February 8, 2008

Falling Angels

Tracy Chevalier is best known for Girl With a Pearl Earring, her look into the life of the artist Vermeer. I had enjoyed that one, so I also read Burning Bright, about poet William Blake, which I found to be a disappointment. It was well written, but Blake didn't figure as much into it as expected and it was too gritty. One of those books with no hope or beauty. That book made me decide not to read anymore by Chevalier, but I inadvertently picked this one up at the library. And I'm glad I did.

This novel has nothing to do with any famous poets or artists. It's about two very different families caught in the midst of Historic change. The book begins with the death of Queen Victoria and ends with the death of her son Edward, which is fitting, as this book is mainly about death.

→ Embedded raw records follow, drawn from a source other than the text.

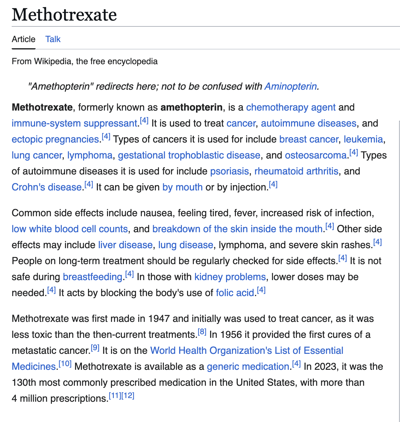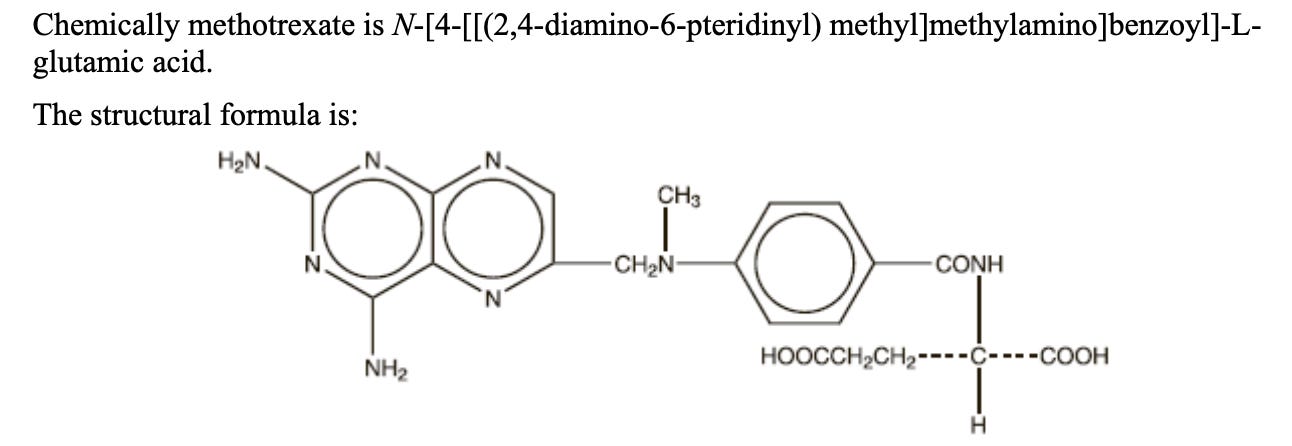 Methotrexate (MTX) is a immunosuppressant chemotherapy drug, previously known as amethopterin. Methotrexate interferes with the growth of certain cells of the body, especially cells that reproduce quickly, such as cancer cells, bone marrow cells, and skin cells. (But doesn’t harm other cells, kind of like Herbicides"??) Its also prescribed for Rheumatoid Arthritis.
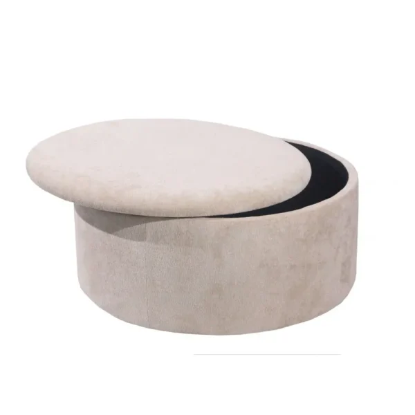 Hidden Storage Compartment Circular Beige Velvet Pouffe
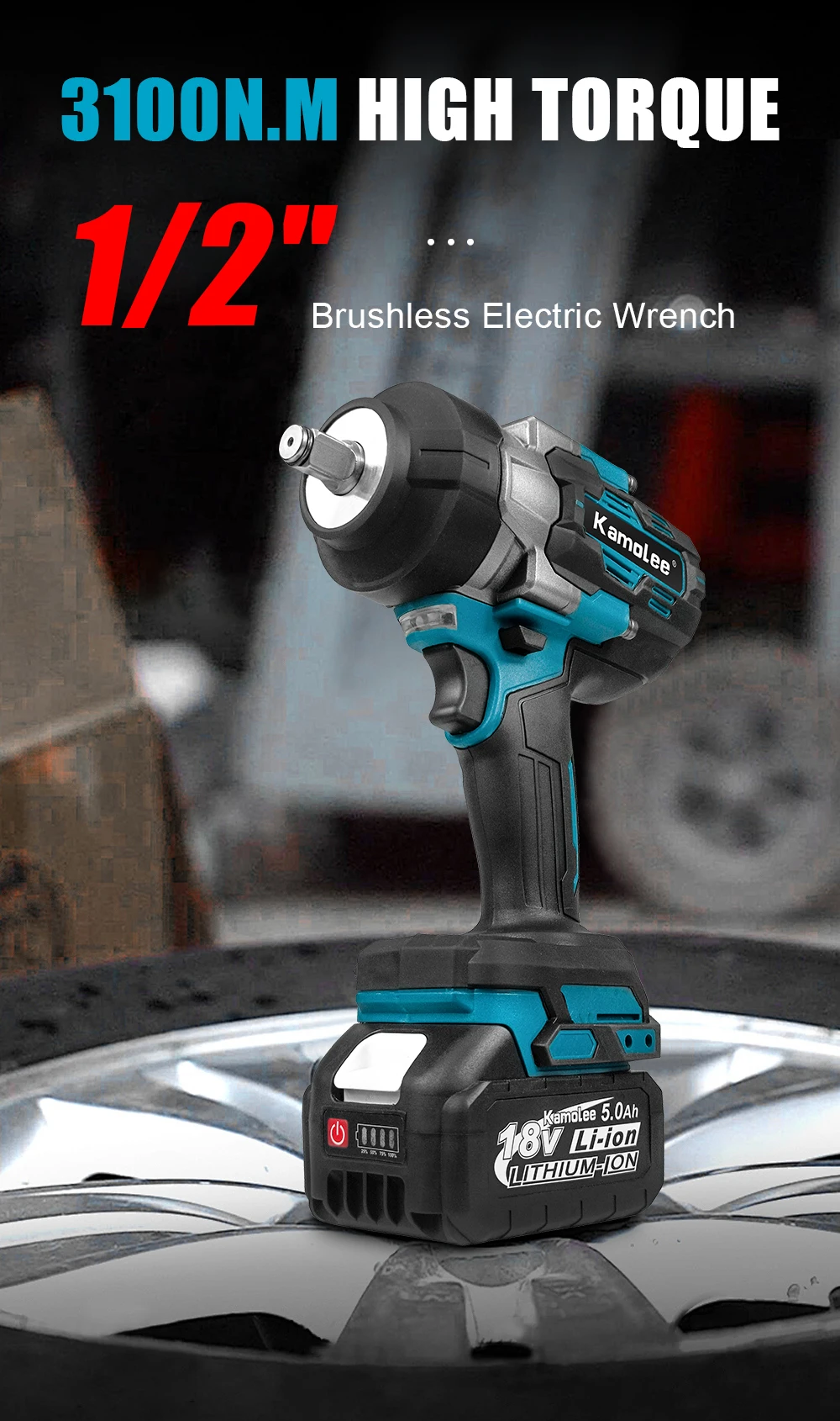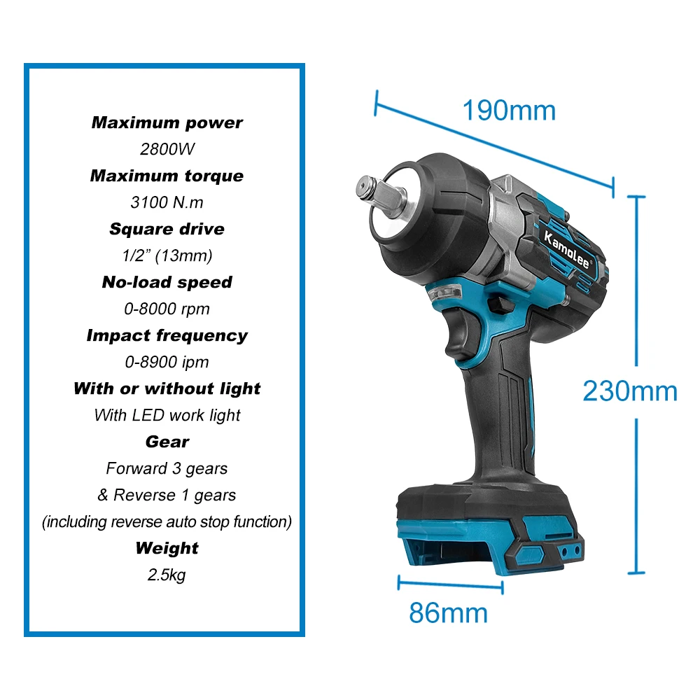 The KAMOLEE Impact Wrench delivers serious performance for demanding users who need strength, speed, and reliability. This electric impact wrench combines a 3100NM output with brushless motor technology, which ensures stable power and longer service life. As a 1 2 inch cordless handheld power tool, it supports heavy duty tasks across automotive, construction, and industrial jobs. The KAMOLEE Impact Wrench works with the 18V 21V battery platform, so users enjoy flexible mobility. Therefore, it fits both professional workshops and home garages in the USA, UK, Canada, Australia, and Europe. Many buyers check price, where to buy, and order online options before choosing this tool.3100NM Brushless Torque
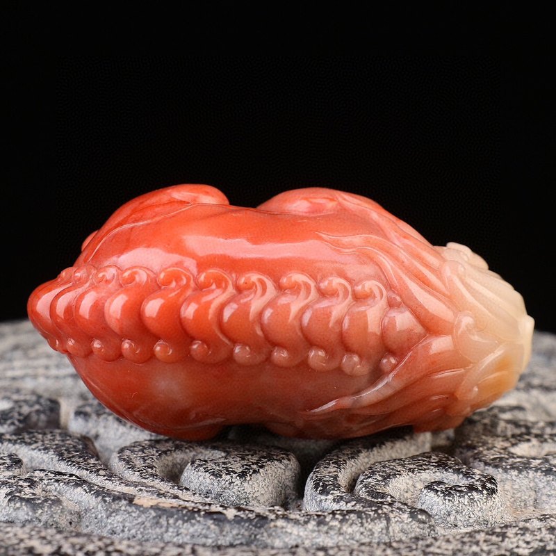 寿山石 招财貔貅 完美质地 色泽温润 精雕细琢 长5厘米 宽3.5厘米 高8厘米 重量0.4斤。福建省福州市晋安区特产,中国国家地理标志产品。寿山石是中华瑰宝,中国传统“四大印章石“之一。分布在福州市北郊晋安区与连江县、罗源县交界处的“金三角”地带。寿山石是福州特有的名贵石材,其石质晶莹、脂润、色彩斑斓,色泽浑然天成,色界分明,具有稀有性、人文性和升值性的特点,深受国内外人士的喜爱,并于2003年被确定为“国石”候选石。若以矿脉走向,又可分为高山、旗山、月洋三系。因为寿山矿区开采得早,旧说的“田坑、水坑、山坑”,就是指在此矿区的田底、水涧、山洞开采的矿石。经过1500年的采掘,寿山石涌现的品种达百数十种之多。 2010年09月30日,原国家质检总局批准对“寿山石”实施地理标志产品保护。
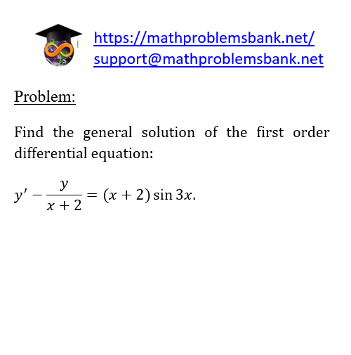 Problem: Find the general solution of the first order differential equation: \[ y^{\prime}-\frac{y}{x+2}=(x+2) \sin 3 x \text {. } \]
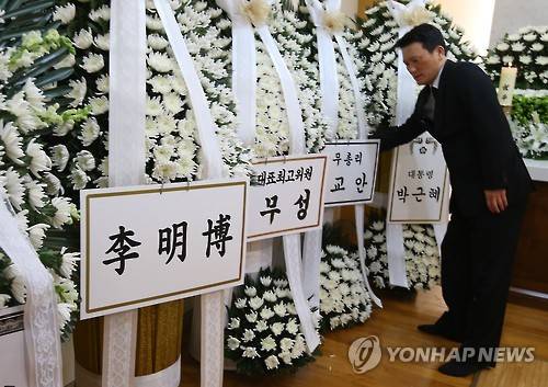 (서울=연합뉴스) 김도훈 기자 = 20일 오후 서울 서초구 서울성모병원에 마련된 이기택 전 민주당 총재 빈소에 박근혜 대통령, 이명박 전 대통령을 비롯한 인사들이 보낸 화환들이 놓여 있다. 고인은 경북 포항 출신으로 부산 상업고등학교와 고려대 상과대학을 졸업한 뒤 1967년 제7대 국회 때 신민당 전국구 의원으로 정치권에 진출해 7선 의원을 지냈다. 발인은 24일이며 장지는 4.19 국립묘지에 마련된다. 2016.2.20
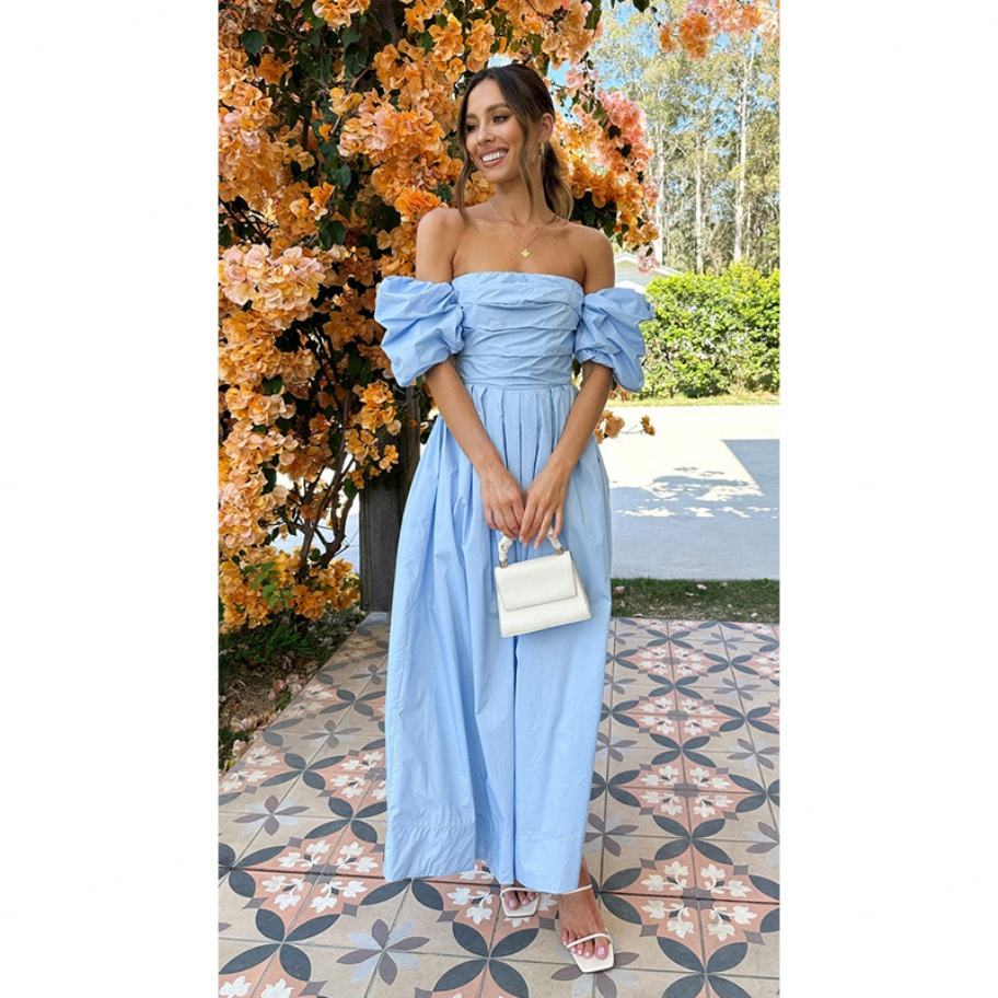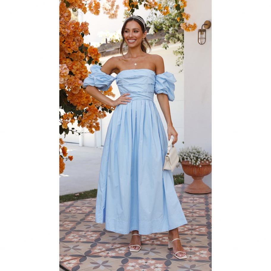 เดรสสไตล์เจ้าหญิงสีฟ้าอ่อนแบบเปิดไหล่ ผ้าลูกไม้รักษ์โลก ทรงเอ สำหรับฤดูใบไม้ผลิและฤดูใบไม้ร่วง
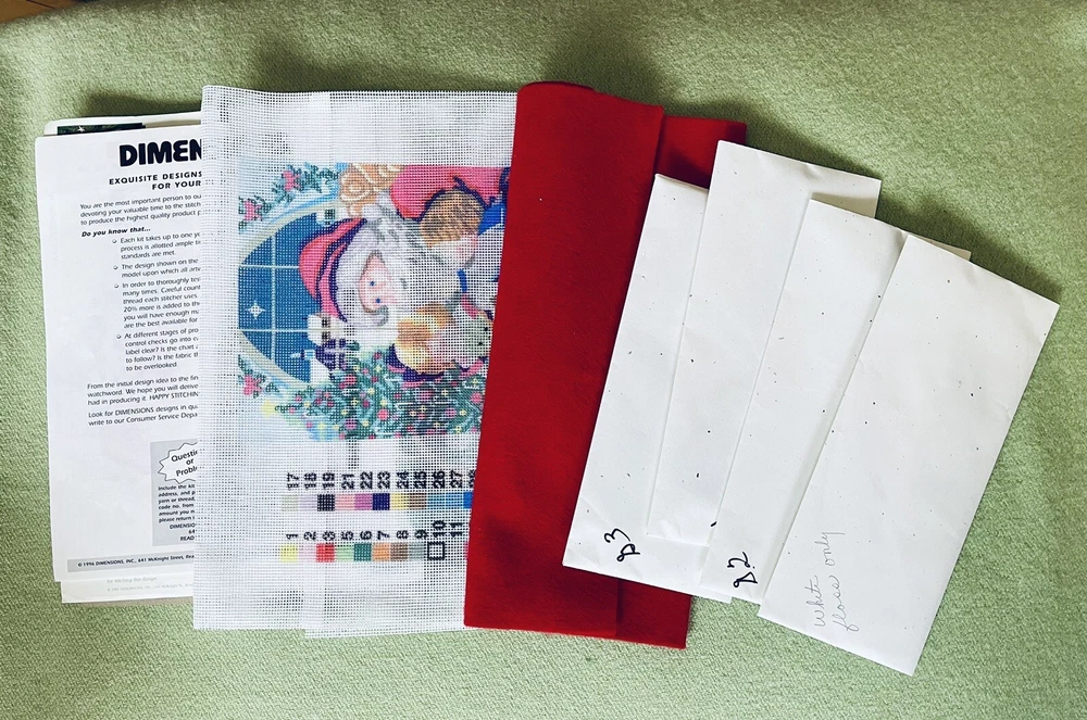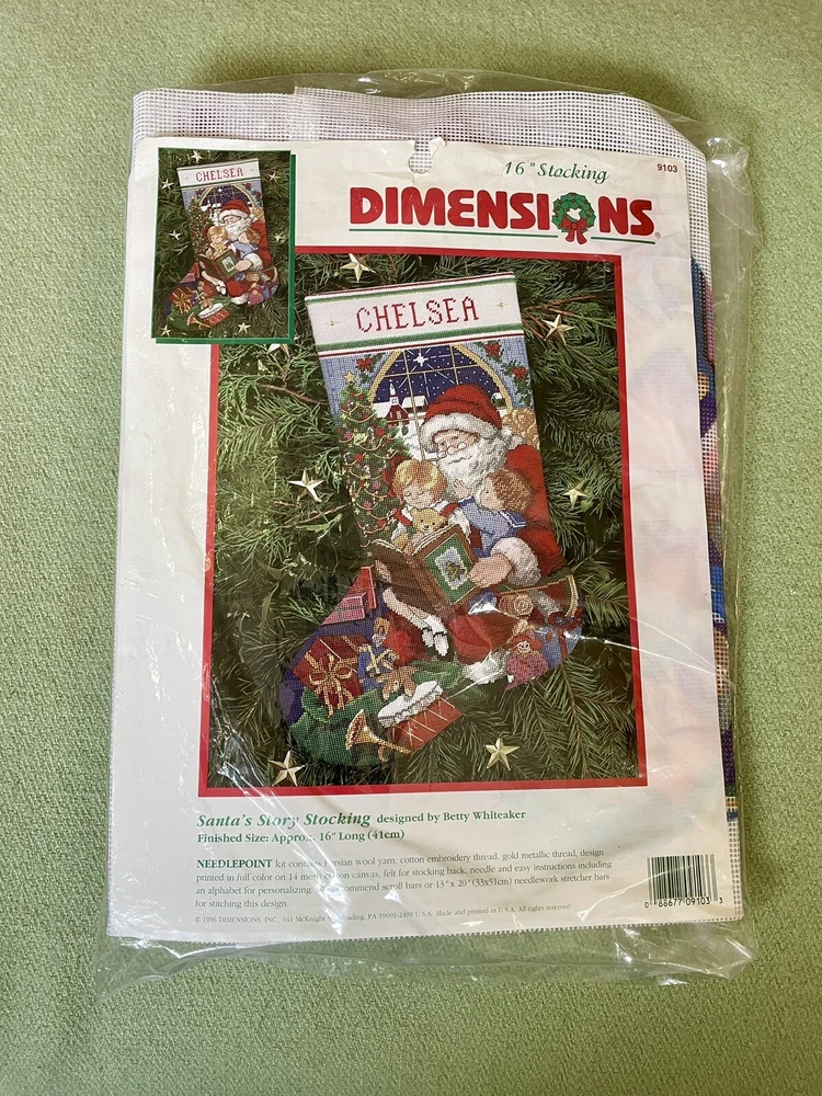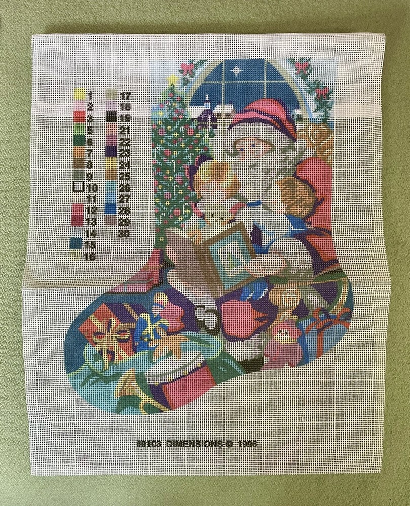 Dimensions Christmas Holiday Needlepoint Kit 9103 SANTA'S STORY STOCKING 1996. This kit is opened but hasn’t been started. It looks like the floss, yarn and filament has been sorted into 4 groups in 4 envelopes. See photos. Comes with 2 needles, canvas, instructions, felt backing, floss, in original packaging. Makes a 16” stocking. This is a lovely and rare stocking kit for that special someone. Comes with alphabet stitching guide for personalization. What a wonderful project and a labor of love to give to someone special. Sold as-is. Thank you for looking.

The Coleman family is wealthy and reputable, with a nice big house and two servants. Kitty Coleman is an educated woman, a rare and undesirable thing in those times. As a result she is unhappy with her lot; while she knows her circumstances are fortunate, she longs for the wider world and envies her husband's interaction with it. She tends to ignore her daughter Maude, who is also going down the path of education.

The Waterhouse family, while comfortable, is not as well-heeled as the Colemans. Gertrude thinks highly of a woman's place and of the crown. She is jealous of Kitty Coleman's beauty and wealth, but not to the extent of hatred. Her daughter Lavinia is beautiful, spoiled, and proud.

The two families meet because their family graves are next to each other, although each family disapproves of the other's choice of decor. Then by chance the Waterhouses move in next door to the Colemans. Maude and Lavinia become fast but unlikely best friends, united by their shared fascination with the cemetery where they first met. Because of this friendship the two families are forced to interact more than they might have.

When Kitty becomes involved in the suffrage movement, bicycling to meetings, sewing banners and even flashing shocking amounts of leg, her family becomes scandalized. Things like telephones, electricity, and motorcars are introduced, and the whole world is struggling with all the changes taking place.

In the end I liked this book better than Girl With a Pearl Earring. It's a fascinating look into this chapter of history.